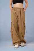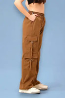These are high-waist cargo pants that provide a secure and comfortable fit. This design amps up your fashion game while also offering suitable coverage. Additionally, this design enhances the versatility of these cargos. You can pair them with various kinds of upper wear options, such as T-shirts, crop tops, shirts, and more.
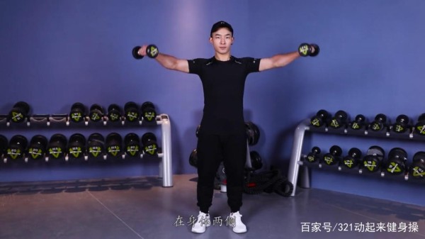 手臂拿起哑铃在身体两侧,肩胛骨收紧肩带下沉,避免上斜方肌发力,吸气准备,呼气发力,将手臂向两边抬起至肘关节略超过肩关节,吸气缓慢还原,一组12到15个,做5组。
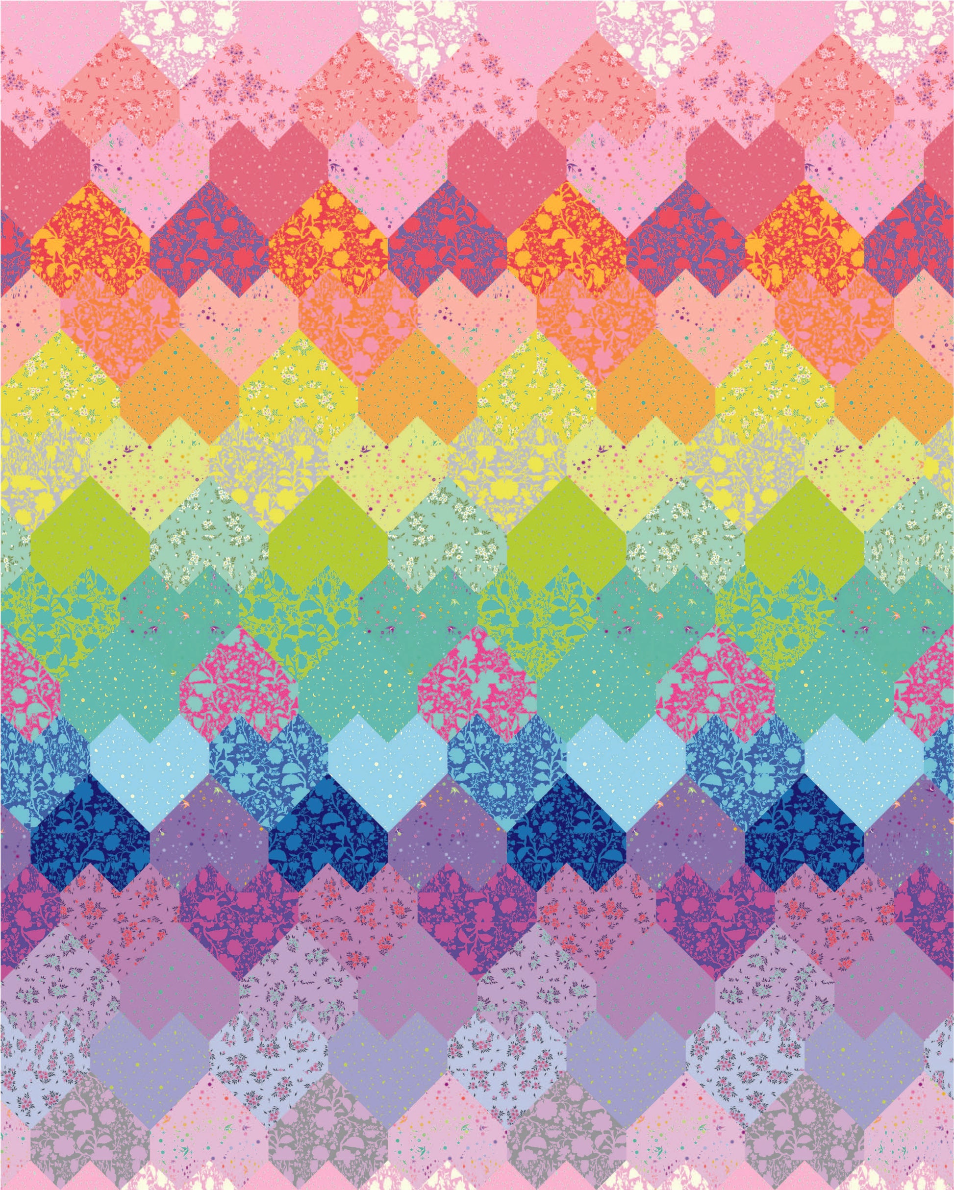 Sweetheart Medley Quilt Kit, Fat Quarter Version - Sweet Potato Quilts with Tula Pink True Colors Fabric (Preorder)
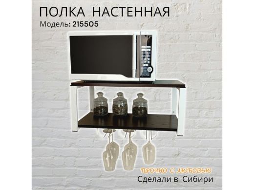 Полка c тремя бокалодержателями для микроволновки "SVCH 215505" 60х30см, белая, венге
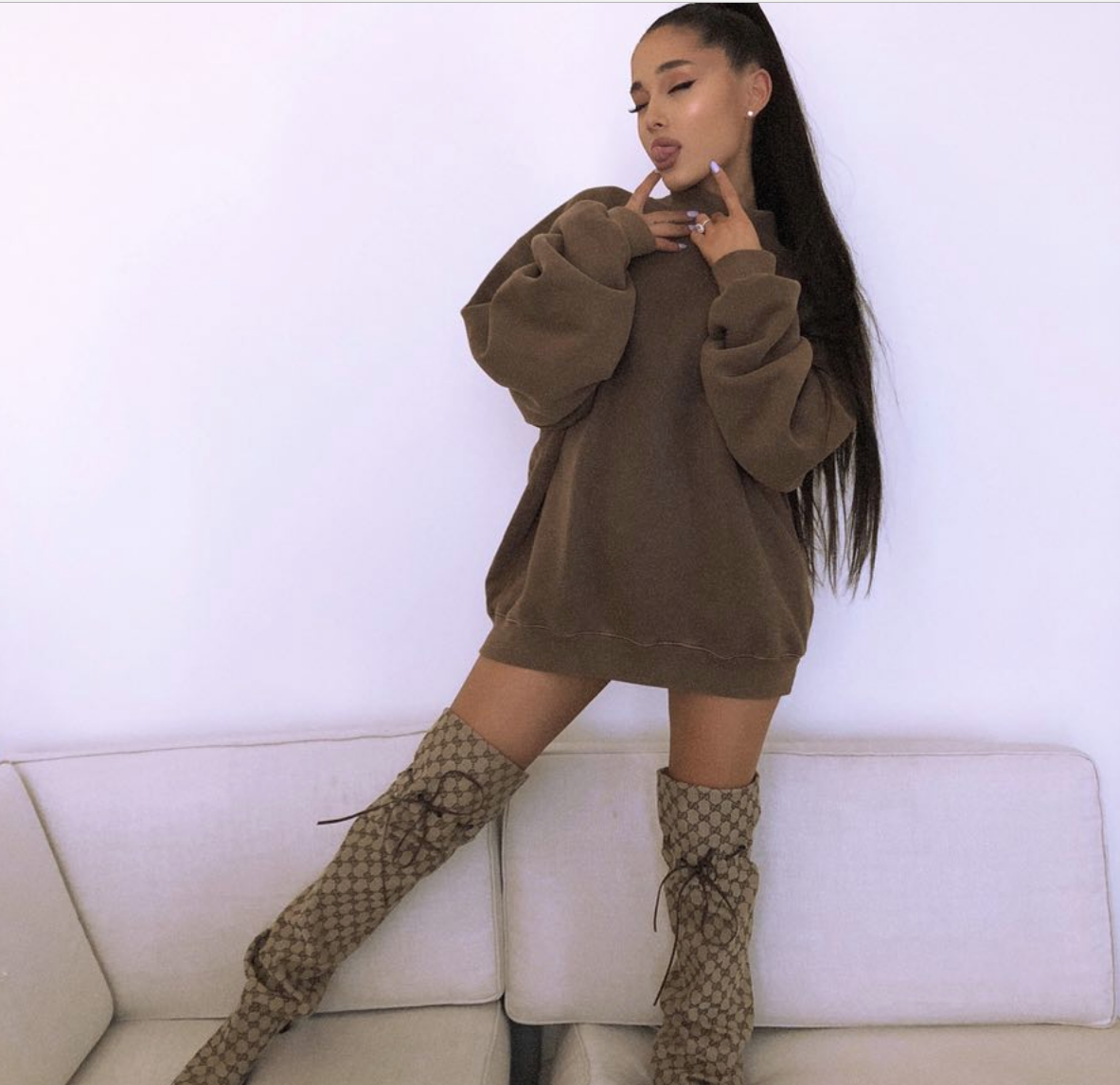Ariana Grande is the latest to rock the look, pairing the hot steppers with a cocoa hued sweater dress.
━━━━━━━━━━━━━━━━
To do
None of the pictures belongs in the answer, but all the entries must be repeated exactly.

Response area
These are high-waist cargo pants that provide a secure and comfortable fit. This design amps up your fashion game while also offering suitable coverage. Additionally, this design enhances the versatility of these cargos. You can pair them with various kinds of upper wear options, such as T-shirts, crop tops, shirts, and more.
 手臂拿起哑铃在身体两侧,肩胛骨收紧肩带下沉,避免上斜方肌发力,吸气准备,呼气发力,将手臂向两边抬起至肘关节略超过肩关节,吸气缓慢还原,一组12到15个,做5组。
 Sweetheart Medley Quilt Kit, Fat Quarter Version - Sweet Potato Quilts with Tula Pink True Colors Fabric (Preorder)
 Полка c тремя бокалодержателями для микроволновки "SVCH 215505" 60х30см, белая, венге
Ariana Grande is the latest to rock the look, pairing the hot steppers with a cocoa hued sweater dress.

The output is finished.